La operación que liderará el propio ministro de Economía, Luis de Guindos, presentará como principal argumento que “España ha atravesado un proceso de crisis y que esa circunstancia era la más propicia para llevar a cabo una profunda limpia”.

Insistirá en que ha sido el Ministerio de Economía, a través del FROB, el que ha desvelado las irregularidades de las tarjetas opacas de Caja Madrid y las ha puesto en manos de la Fiscalía Anticorrupción.

Para subrayar esta idea, el Gobierno maneja un segundo ‘golpe de efecto’: informará en las próximas semanas de 19 operaciones inmobiliarias sospechosas detectadas en Catalunya Caixa y NovaGalicia.

Sacar pecho del vuelco impresionante de Bankia

Según las fuentes consultadas, otro de los ejes del discurso del Gobierno consistirá en poner en valor que la actual Bankia no tiene nada que ver con la entidad que salió a Bolsa hace dos años. El banco ha sido recapitalizado y el nuevo equipo de gestión está haciendo un trabajo muy satisfactorio.

La mayoría de los analistas coinciden en que la reestructuración llevada a cabo en Bankia ha sido espectacular, casi un milagro, porque se ha llevado a cabo sin perder apenas clientes ni depósitos. Una meta que el propio Gobierno consideraba muy complicada de alcanzar tras la quiebra de la entidad y el escándalo de las Preferentes.

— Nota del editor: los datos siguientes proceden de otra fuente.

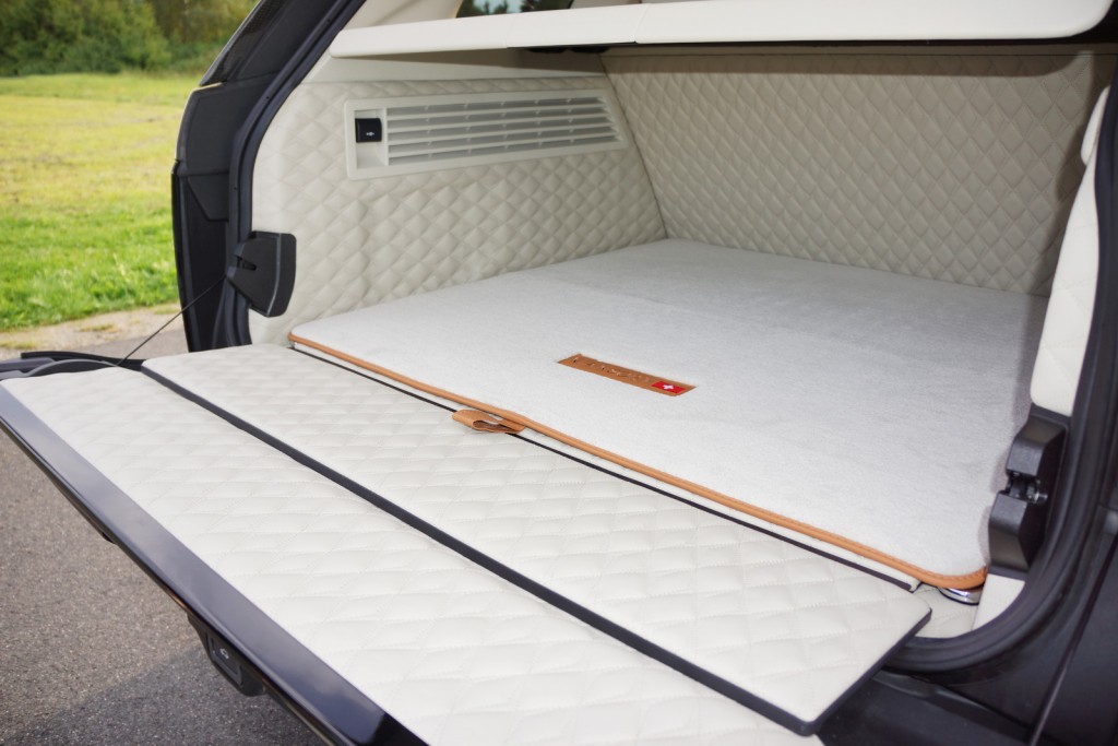 A kétszínű fényezés miatt még hosszabbnak tűnik a hosszított tengelytávú Range Rover Autobiography, szebb viszont nem lett. A beltérhez képest viszont jól néz ki – hiába a nemes anyagok használata, az első üléssort a hátsótól elválasztott fal és függöny, a beltér tipikusan mansorys: drága, de ízléstelen.
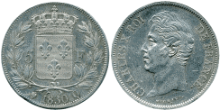 | 1825 | Серебро | 5 г | 23 мм | 1825 — 1830 | рубчатый | Номинал | Карл X | Всего выпущено: — 5 277 137 шт. |
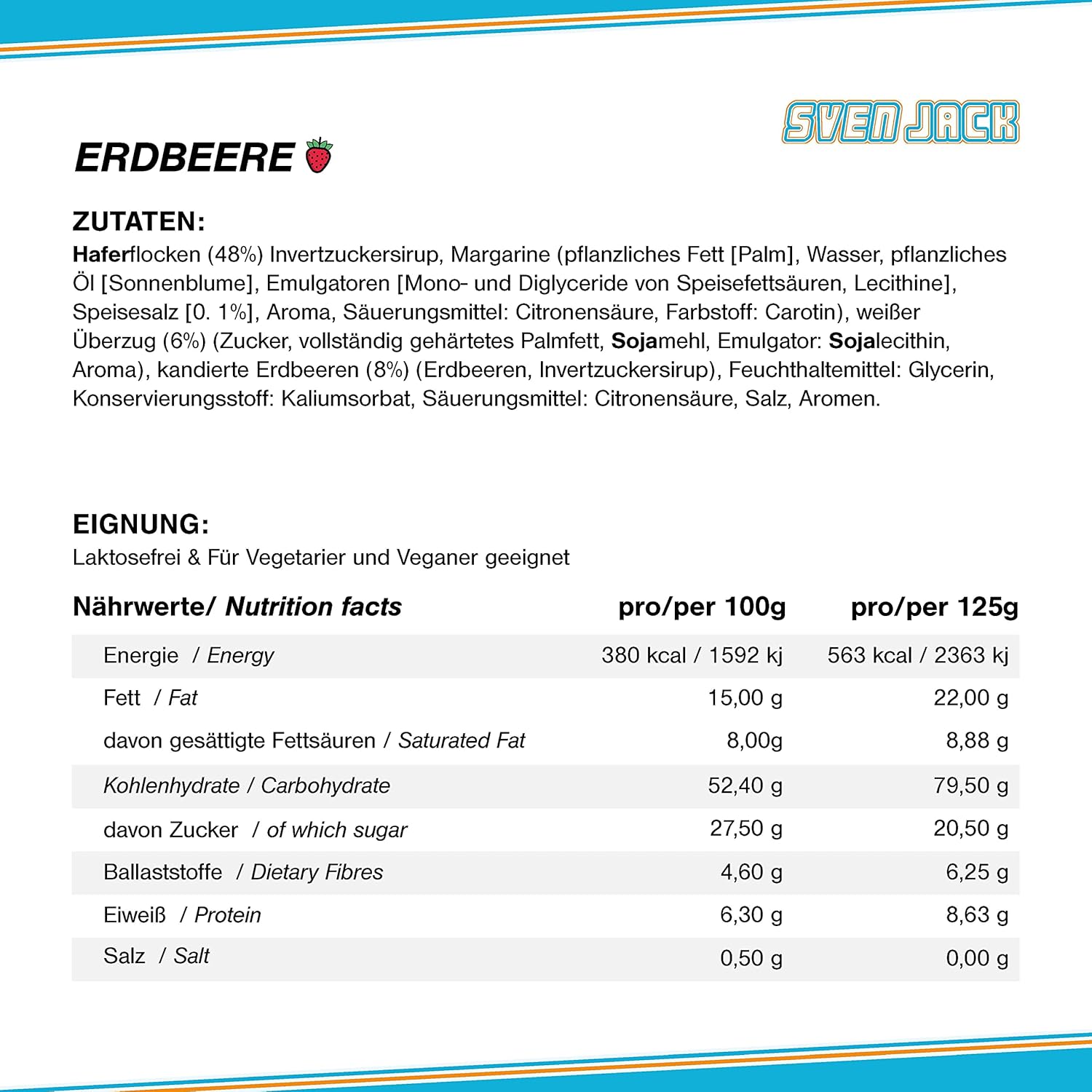 SvenJack Vegan Oat Bar Strawberry - 24 × 125g - High‑Fibre, Low‑Sugar, Gluten‑Free Oatmeal Energy Snack with Strawberries

Este escenario también quiere ser aprovechado por los altos cargos del FROB para sacar pecho por el “vuelco impresionante” de la entidad, tal y como lo definen ya en los despachos del ministerio de Economía.

Miren como estaba Caja Madrid y cómo la hemos dejado”: este será, por tanto, otra de las consignas centrales que lanzará el Ejecutivo.

También se admite que habrá que destacar aquí, por encima de otras consideraciones, la labor llevada a cabo en el banco por el presidente José Ignacio Goirigolzarri y su equipo de confianza.

Destacarán que Bankia es hoy una entidad que se dedica a dar crédito y no a utilizar los recursos de manera poco transparente, como en el caso de los 86 ex directivos de la antigua Caja Madrid que utilizaron las tarjetas opacas para cargar gastos privados a la entidad.

Minimizar el daño electoral al PP

La polémica sobre las tarjetas opacas de Caja Madrid ha salpicado también al PP. Con esta campaña de imagen se busca también intentar minimizar el daño electoral al partido, fundamentalmente en la capital.

El distanciamiento de los ciudadanos, consideran en Génova, aparecerá reflejado en cualquier encuesta ciudadana. Por este motivo, tal y cómo se contó en ECD, el PP ha decidido ahora aplazar los sondeos para elegir al candidato a la alcaldía de Madrid hasta principios de 2015.

De los 86 consejeros que utilizaron las tarjetas, 28 fueron nombrados a propuesta del PP, aunque solo 16 son todavía hoy militantes. Unos directivos vinculados con el partido, entre los que destaca Rodrigo Rato, con los que Génova ha decidido que “no tendrá piedad”.